Malik ve zilyet sıfatları çoğu zaman bir kişide birleşse de bu her zaman böyle olmak
zorunda değildir. Örneğin hırsız, çalmış olduğu şeyin zilyedi olsa da maliki değildir.
Bisikletimizi çalan hırsız, onun zilyedidir. Çünkü bisiklet hırsızlık olayıyla birlikte onun fiili
hâkimiyeti altındadır. Fakat hırsız bisikletin maliki olamaz, bisikleti çalınan kişi malik olmaya
devam eder. Çünkü bisikletin çalınması, mülkiyet hakkını sana erdirmez. Ancak bisikleti
çalınan kişi artık bisikletin zilyedi değildir; çünkü bisiklet artık hırsızın fiili hâkimiyetindedir.
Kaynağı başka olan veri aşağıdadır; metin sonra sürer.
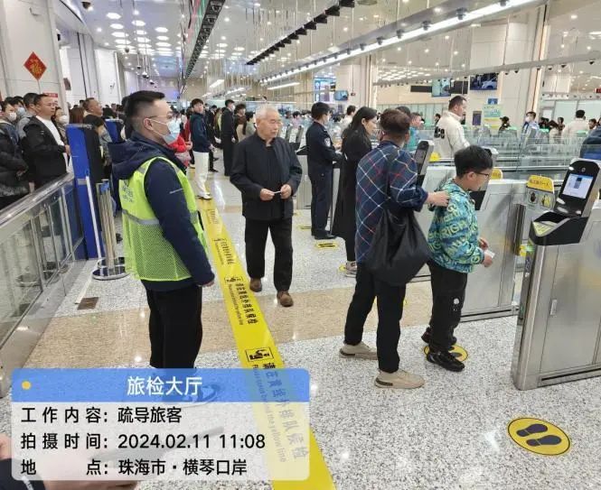 相較往年,今年春節(jié)橫琴口岸呈現(xiàn)出客流高峰提前、持續(xù)時(shí)間長、出入高峰疊加等特點(diǎn),2月11日至16日(大年初二至初七)連續(xù)6天出入單向客流均超過3萬人次。其中,2月12日(大年初三)橫琴口岸單日客流超8.2萬人次,創(chuàng)橫琴口岸成立以來歷史新高。為應(yīng)對(duì)春節(jié)期間口岸高位客流,珠海大橫琴口岸實(shí)業(yè)有限公司(下稱大橫琴口岸公司)節(jié)前召開專題會(huì)議,提前部署應(yīng)急人員、物資、設(shè)備等通關(guān)安全保障;春節(jié)期間,根據(jù)客流量變化,大橫琴口岸公司通過科學(xué)增加人力、設(shè)置蛇形緩沖通道、屏幕投放指引等措施,多管齊下加強(qiáng)出入境旅客分流引導(dǎo),防止因高客流量發(fā)生擁擠、踩踏等治安事件的發(fā)生。另外在現(xiàn)場(chǎng)設(shè)置“特別通道”,為老人、孕婦和殘疾人等行動(dòng)不便的旅客提供便利,并設(shè)置了醫(yī)療救援,以備過關(guān)旅客有不時(shí)之需。

Sonuç olarak hırsız çaldığı eşyanın zilyedi olur ancak maliki olamaz. Hırsızlık olayıyla birlikte
bisikleti çalınan kişinin zilyetliği sonar ermiş ancak malik bilgisayarı çalınan ise çalışan eşyanın
malikidir ancak zilyedi değildir (Bozkurt 2012: 140-141).